I’m Kayla Sox. I handle ads for our family used car lot on the edge of town. We move around 55 to 70 cars a month when things go well. I’ve tried a lot. Some stuff sang. Some ate cash. I’ll be honest about both.
If you want an even deeper dive into the 12-month play-by-play, here’s the full case study on everything that worked (and what didn’t) over on HuntMads.
If you’re hunting for a broader playbook on modern tactics, this guide to car dealership advertising lines up with a lot of what I saw in the trenches.

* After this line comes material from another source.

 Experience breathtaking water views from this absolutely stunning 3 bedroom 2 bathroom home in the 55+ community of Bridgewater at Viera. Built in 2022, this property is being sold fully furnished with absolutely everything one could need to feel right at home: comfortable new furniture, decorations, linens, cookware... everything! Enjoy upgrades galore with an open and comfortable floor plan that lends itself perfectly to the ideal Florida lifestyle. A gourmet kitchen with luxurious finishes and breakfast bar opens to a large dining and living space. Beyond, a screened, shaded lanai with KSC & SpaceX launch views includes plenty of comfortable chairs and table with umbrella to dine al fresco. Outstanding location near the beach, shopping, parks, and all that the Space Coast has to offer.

We’re midwest. Trucks move. SUVs move. Minivans surprise me every spring. Budget swings between $7k and $15k a month. When tax returns hit, we push harder. When snow hits, I drink more coffee.
The setup I started with
- Goal: more calls, more form leads, more “Can I test drive the white Tahoe?” texts
- Tools we used: Google Ads, Facebook and Instagram Ads, YouTube, Waze, Cars.com, CarGurus, radio, postcards, email, and SMS
- Tracking: CallRail phone numbers, UTM tags, and the BDC typing notes in VinSolutions
I know, that sounds like a lot. It is. But car buyers scroll, search, and then they stalk a bit. So we met them in more than one spot.
Facebook and Instagram: cheap reach, quick wins
This was our workhorse. I ran carousel ads with real photos. Not stock. Mud on the tires works in our town.
Example ad that crushed:
- Headline: “Bad credit? We say yes. Drive today.”

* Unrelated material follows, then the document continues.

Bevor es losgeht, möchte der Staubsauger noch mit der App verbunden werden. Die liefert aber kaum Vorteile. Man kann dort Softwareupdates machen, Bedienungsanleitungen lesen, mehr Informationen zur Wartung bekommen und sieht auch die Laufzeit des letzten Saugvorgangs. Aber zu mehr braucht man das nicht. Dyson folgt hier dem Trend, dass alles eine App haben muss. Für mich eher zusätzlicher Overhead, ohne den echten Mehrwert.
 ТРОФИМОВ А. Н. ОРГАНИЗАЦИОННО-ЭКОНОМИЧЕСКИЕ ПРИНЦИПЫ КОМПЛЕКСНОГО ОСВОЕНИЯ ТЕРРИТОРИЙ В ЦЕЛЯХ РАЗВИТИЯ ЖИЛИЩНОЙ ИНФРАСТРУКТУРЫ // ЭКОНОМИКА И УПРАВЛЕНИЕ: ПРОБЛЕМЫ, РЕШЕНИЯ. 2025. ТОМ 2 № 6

- Text: “27 trucks under $399/mo. First oil change on us. Ask for Kayla.”
- Photo set: red F-150, black Silverado, white Ram, and my dog in the back seat of a Tacoma (yep)
Numbers from May:
- Spend: $2,100
- Clicks: 3,420
- CTR: 2.7%
- Leads (forms + messages): 62
- Cost per lead: $33.87
- Sold units tied to these leads: 14
What I liked:
- Fast volume, cheap.
- People used Messenger to send pay stubs. Wild, but helpful.
What bugged me:
- Tire kickers. Lots of “Still available?” at 1 a.m.
- If photos were weak, results fell off a cliff.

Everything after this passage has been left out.